I'm not sure you can't know where your bottlenecks are going to be. Don't you guys do order estimates before you code? -- Anonymous

As in BigOh order? You could, but those are sensitive to data set size and other factors that you might not know ahead of time, or that could change over time during development. A team could expend much effort coding an nlogn solution in the belief that the customer's assertion that the data is enormous or the performance factor is critical, only to find out in acceptance tests that the customer's idea of 'enormous' is laughably small. If it does turn out to be a suboptimal algorithm, BigOh can tell you where you are and what your choices for better solutions might be. Better to get a correct solution as outlined above, and then when performance bottlenecks are found, use BigOh to determine if the bottleneck is genuinely caused by that order n^2 code or by the fact that the data is being read over NFS instead of off a local disk. -- StevenNewton


This was originally attributed to "CarHoare" above, but tracking down the origin of this quote I found that it was actually Knuth who said it first. Although Knuth did calls it "Hoare's dictum" 15 years later, Hoare himself disclaimed it. See http://shreevatsa.wordpress.com/2008/05/16/premature-optimization-is-the-root-of-all-evil/ I think we can assume, with fair certainty, that Knuth was the first to use the phrase, and that it passed into folkore subsequently, leading to the wrong people being credited. Does anyone have any further information? -- ShreevatsaR


Absolute statements are the root of all evil. If you optimize too much upfront, you may have wasted time on something that was unnecessary. If you don't optimize upfront, you may waste time later reorganizing a lot of code or the customer may suffer in silence (realizing it's often too late to complain once the produce is "finished".)
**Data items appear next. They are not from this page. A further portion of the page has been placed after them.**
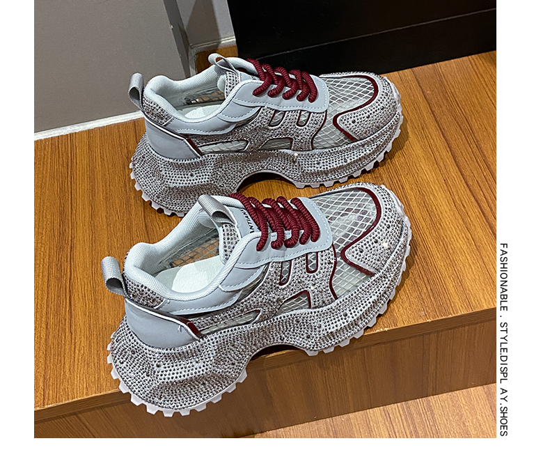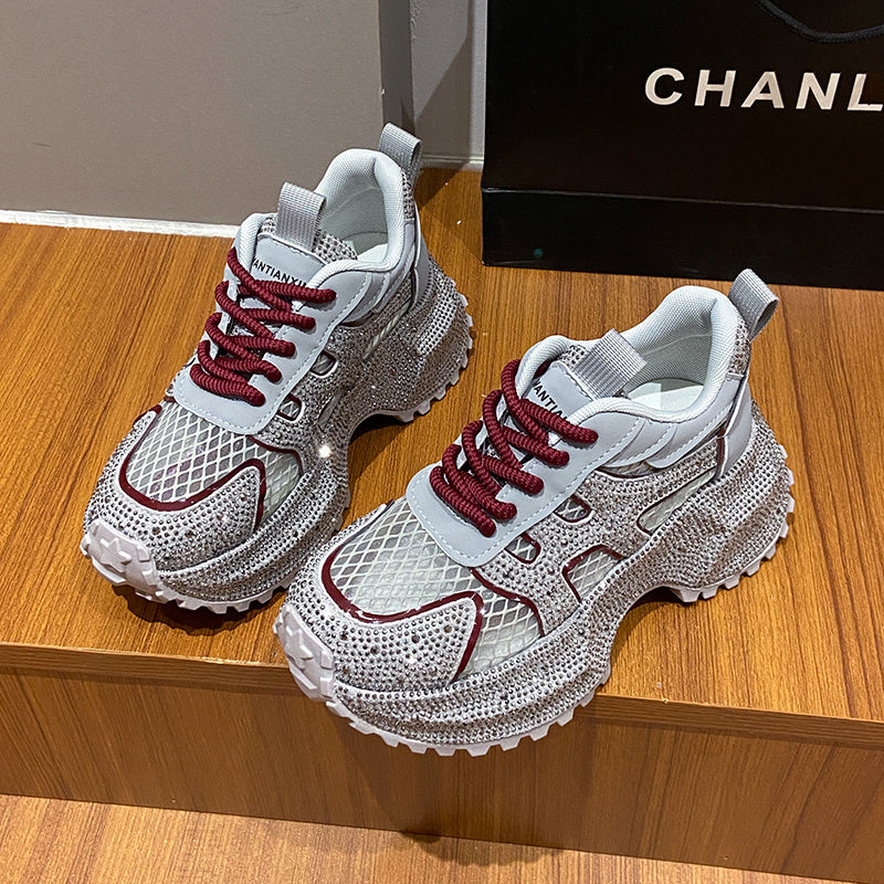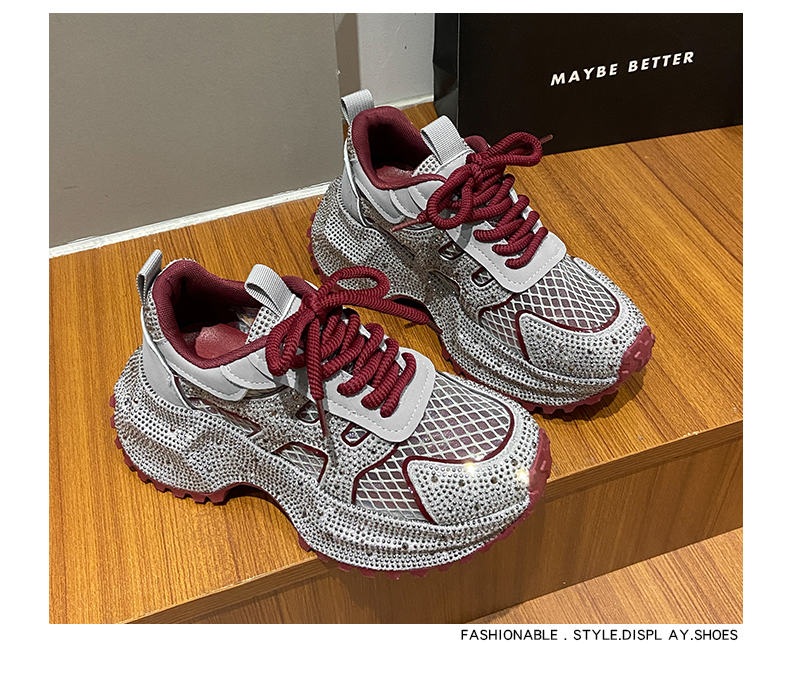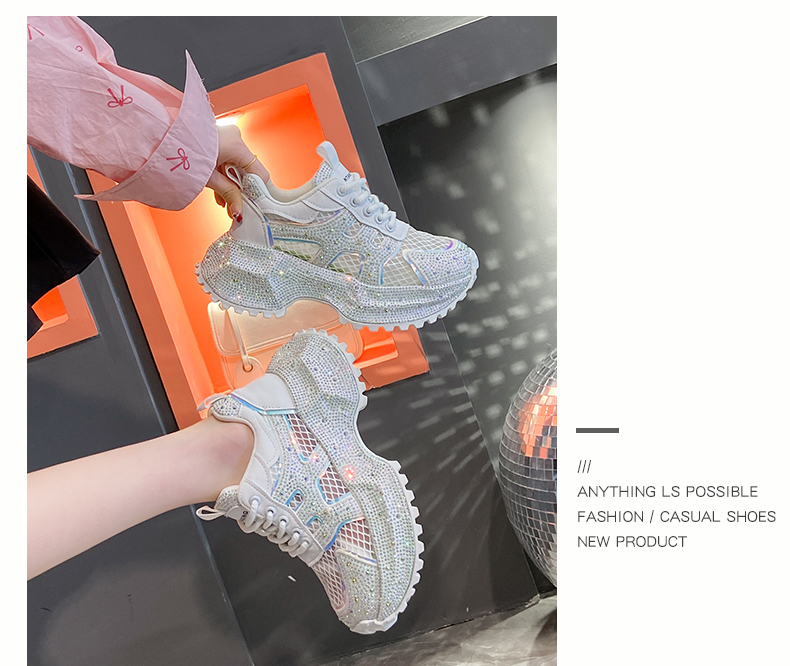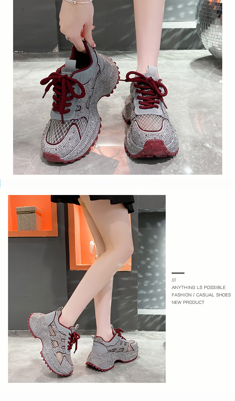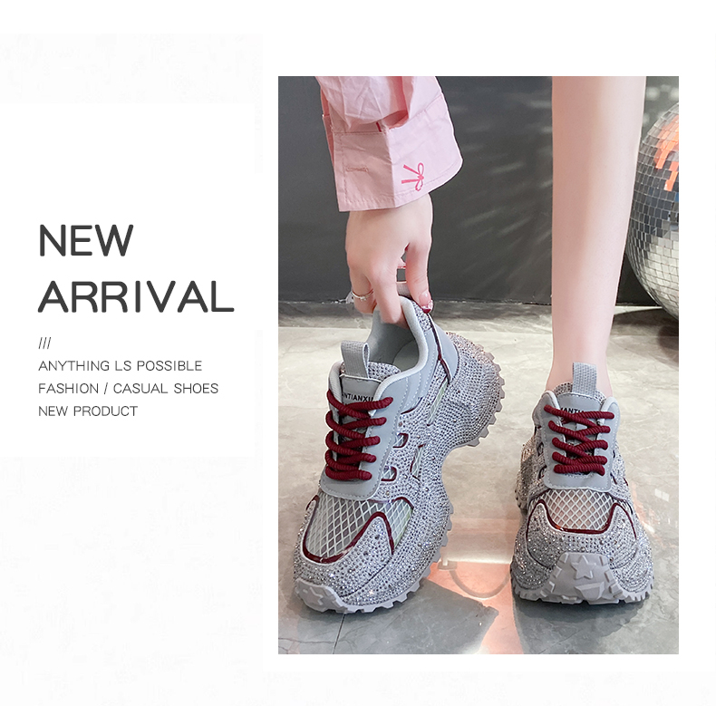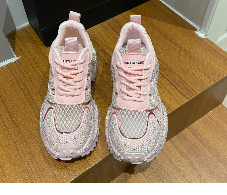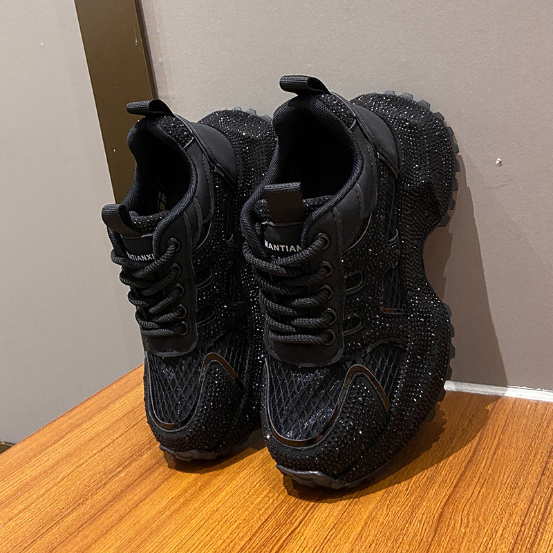 TIANXIU Women’s Chunky Platform Sneakers – Yellow Glitter Sneakers with Rhinestone Accents, Green Trim & Thick White Sole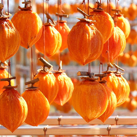歴代将軍にも愛された幻の干し柿「堂上蜂屋柿」は、蜂蜜のように甘い干し柿といわれています。この「堂上蜂屋柿」は、岐阜県美濃加茂市蜂屋の地で受け継がれてきた伝統的な製法でつくられ、一つひとつが手作りのため数が少なく、とても希少で高級な干し柿です。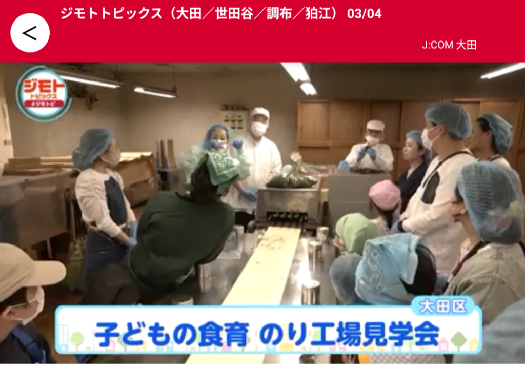 この度、2026年3月4日放送のJ:COMチャンネル『ジモトトピックス(大田/世田谷/調布/狛江)』にて、弊社が企画・運営いたしました「子どもの食育 のり工場見学会」の様子が取り上げられました。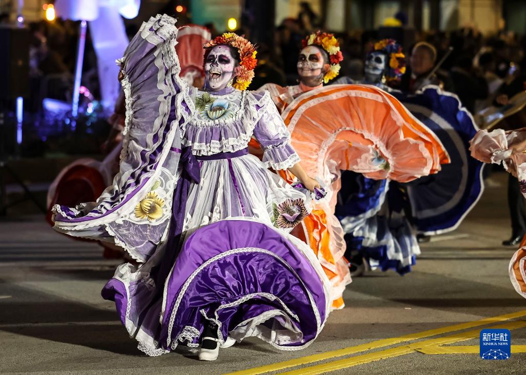 當日,美國芝加哥舉行名為“黑暗中的藝術”的萬圣節游行。
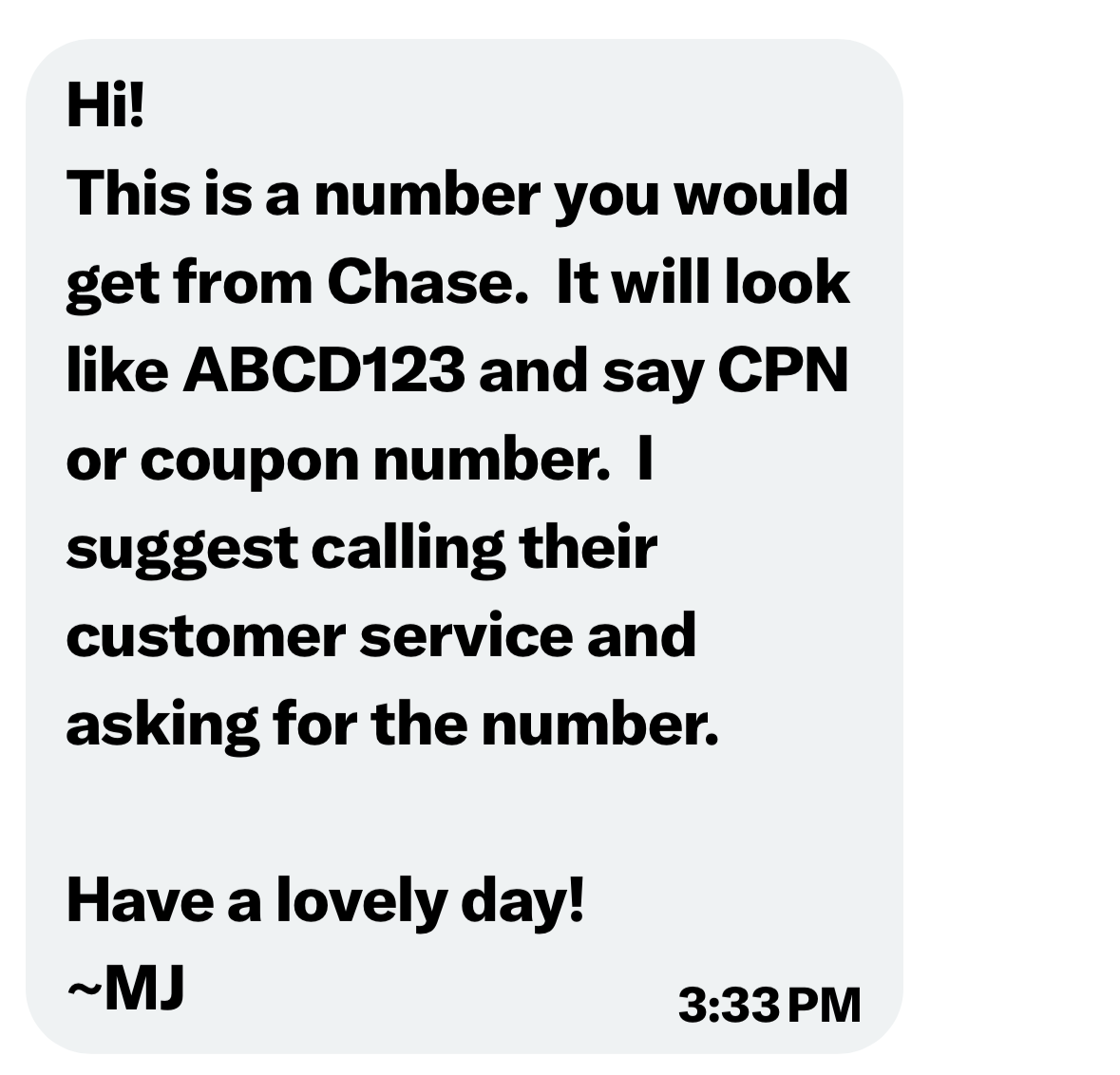 Their response pointed me in a completely different direction. They explained that I would need a coupon number (CPN) from Chase and suggested contacting Chase customer service to obtain it. That answer implied that the benefit wasn’t something Avis controlled directly, but rather something issued by the card issuer.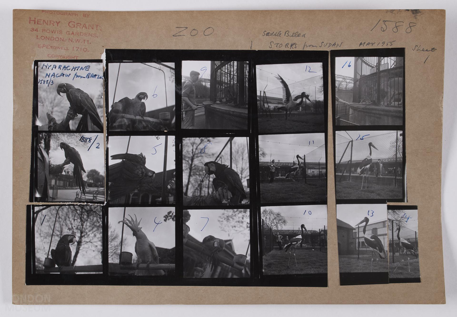 Zoo, -/5/1955: various at animals at London Zoo including, storks from Sudan, parrots and a zoo keeper feeding lions and a tiger. 6x6 cm (1-16). One of three sheets.

The same applies to design in general. If you design too much upfront, you may have wasted time abstracting cases that will never be used. If you don't design upfront, you may waste time later reorganizing...

The key is balance. There are no answers, only questions.


We all become what we do. Do junk and you will only be a good junk producer. Do marvels and you will become better and better at it.

It takes quite a while to learn how to do well. But it pays also.

If you have enough grey matter, that's a no-brainer: do it as well as possible. <-- oxymoron?


After a month in production, I recently finished un-breaking a process I rewrote from scratch for my company. Despite painstaking efforts to replicate the production environment elsewhere, we couldn't reproduce it in any environment but production. At wits' end, I finally got approval to run production data through the system on my development workstation. Lo and behold, the same symptoms manifested plain as day. I profiled the application and traced the CPU load to an XSL transformation.

As it turns out, early on in the design I had thought it would be a good idea to execute XSL transforms in parallel, because these were CPU bound and we had 4 cores in production. So I had thrown the transformation into a thread pool. Unfortunately, the specific configuration of data in production somehow caused the thread pool to run out of control, overloading the CPU and causing timeouts leading to data loss. I dialed the thread pool down to a single thread, and everything just worked.

I now have a post-it note on my monitor that says, in all caps, OptimizeLater!